As told in Appendix A, the present top of our ideas about the structure of space-time is General Relativity, maybe in more than 3+1 dimensions. Now, in General Relativity any system of reference is permitted for description and the form of the equations is independent of the system of reference. So any observer may choose his own coordinate system in whose center he sits [71].

But first let us go to Newton. In his physics both Sun and Earth perform accelerating motion in the Absolute Space. Independently of the global motion of the Solar System (he still did not know the structure of Milky Way Galaxy) in a world containing only Sun, Earth and observers, Earth and Sun both would orbit around the common center of mass. So Copernicus was closer to the mark than Ptolemy but the difference is only gradual.

In General Relativity there is no "natural motion". Since external forces on them are negligible (Gravity is not a force), both Sun and Earth are moving on straight(est) lines in the space-time, and these straightest lines, because of Gravity, are orbiting each other.

Of course, between Newton and Einstein a Copernican viewpoint was much closer to physical reality than a Ptolemaic one.

APPENDIX C: TEXTS, EXCAVATIONS AND KING LISTS

Without time travel we can continue the argumentation about "how direct" is our evidence about a historic point. Let us see an example.

The oldest Sumerian king (ensi) verified personally up to now is (En)mebaragesi, from the First Dynasty of Kish.

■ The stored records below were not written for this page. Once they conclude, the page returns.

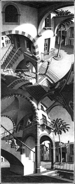 Curator: This etching, titled "The Prisons, Plate V," comes to us from the hand of Giovanni Battista Piranesi. Editor: My immediate impression is one of claustrophobia. It's this dizzying array of arches, scaffolding, and walkways… overwhelming. And look at that strange light, or maybe it’s smoke, billowing near the top! It's like a nightmare rendered in ink. Curator: It is indeed a powerfully disorienting image. Piranesi created these "Prisons" in the mid-18th century, a period rife with discussions about architecture's role in social control and public works programs. Editor: It’s fascinating to think about this as a commentary on labor too. The scale feels…inhuman. It dwarfs those tiny figures. Are they prisoners, or perhaps workers building this monstrous space? And I wonder what kind of industrial process is producing that smoke. Curator: That ambiguity is key, I believe. We can consider how Piranesi critiques the idea of rationally planned societies when such visions become spaces of confinement, no matter their utopian intentions. Notice, too, the layers of perspective tricks he uses. There are stairs that seem to lead nowhere and arches that conceal more architecture behind them. Editor: It certainly throws the idea of linear perspective right out the window, doesn't it? It creates a visual tension that’s very unsettling. It reminds me a bit of a factory, everything automated but where is the agency? I suppose architecture and design choices always implicate or control its users. Curator: Exactly. Piranesi presents an anti-monument, critiquing social engineering. Editor: What I am struck by, even just thinking about the production of this work as an etching, is how the crosshatching and deep shadows have to be achieved through incredibly exacting labor to construct and then print! It amplifies the sense of scale, while thinking about the intense time it took to realize it through production. Curator: Indeed. "The Prisons" speaks to enduring anxieties about progress and power. Piranesi captured that moment when the Enlightenment’s promise of order seemed to tip into something altogether more menacing. Editor: Absolutely. Thinking about how this maze of stone and shadow was itself laboriously produced really complicates my sense of awe—it’s as unsettling in its making as in its representation! Thanks for putting this in a helpful frame for consideration!
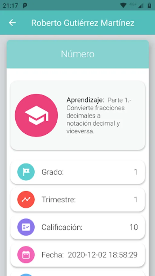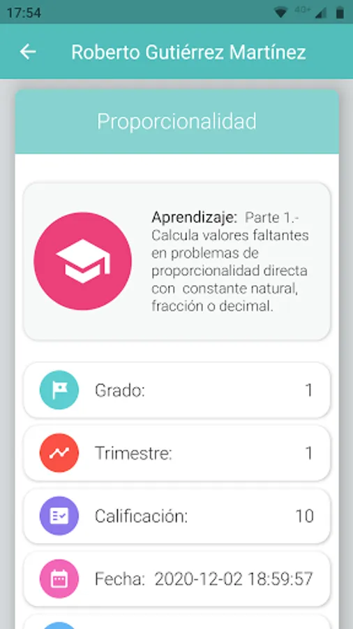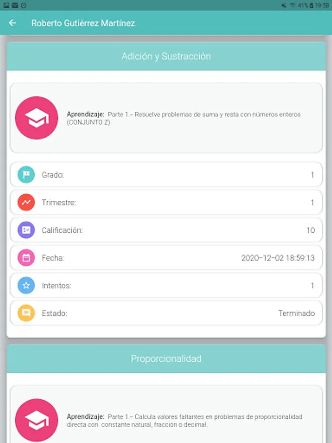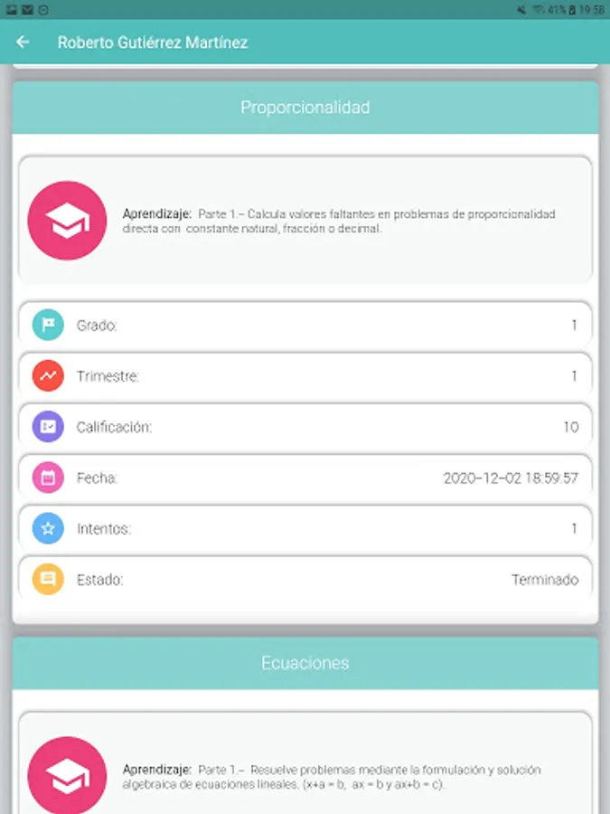 The APP. AAE, "Advancement of School Achievement", allows the tutor or parent to consult at any time and on any device including the cell phone, the progress in the achievement of school achievement obtained through the pedagogical instrument: "Put your knowledge to the test" of each one of their children in Mate365: "COMPLETE COURSE OF MATHEMATICS", in the corresponding academic degree and of their interest; first, second or third year of secondary school and that was established in the contract by the interested parties.
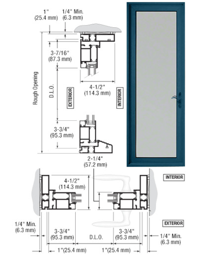 This CRL Series 900 Terrace Door Entrance is built with 1" x 4-1/2" (25 x 114.3 mm) Frame, 2-1/4" (57.2 mm) Thick Door, 3.75" (95 mm) Stiles, 3.75" (95 mm) Top Rail, and 3.75" (95 mm) Bottom Rail. Standard features include stiles for Butt Hinge hardware, glass stops for 1" (25 mm) tempered glass (by others), and Five-Point Locking Hardware.
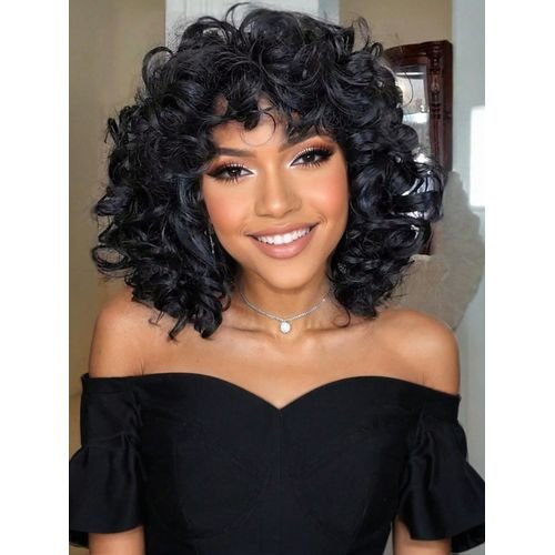 Short Curly Wigs For Black Women Glueless Big Curly Wig With Bangs For Daily Use Bouncy Fluffy Curly Afro Wig For African American Women Afro Wigs For Women 10 Inch Black

An alabaster vase was found at the excavation of a Nippur shrine. That shrine got royal gifts. On the vase it is written [75]: mebaragsi lugal kisi, i.e. Mebarag(e)si, King (Big Man) of Kish. Since "en" is simply another royal title, there is few doubts among Old Chronology historians that Mebaragsi=Enmebaragesi. Maybe the decipherment is not absolutely good, but in cuneiform "en" is one sign, so the remaining can be compared.

Now we have a very old King List [76]. Old Chronology historians detect an anomaly: for very old times when we would expect parallel dynasties in Kish, Uruk and Ur at least, the list gives one dynasty for all Sumer. Their explanation is that the proto-List was compiled from different city archives after the victorious revolt against Gutis (about 2120 BC). Then there was a unified Sumer already for two centuries so the compilers believed that this was normal even before. Then the List was extended with later rulers and our copy is from cca. 1700 BC, still old.

On the List there are rulers before the Flood and after it. Let us neglect the pre-Flood ones and let us not to discuss what may have been the Flood except that it was a catastrophe. The first post-Flood dynasty is Kish I, and since Kish was a northern city at somewhat higher ground, it is indeed possible that normalcy returned first in Kish. Kish I is 23 kings; the problem is that with some 241,000 years total. Enmebaragesi is the last but one king with 900 years rule; the dynasty ends with his son Agga, 625 years. So far the List seems a fairy tale, except that it contains Enmebaragesi.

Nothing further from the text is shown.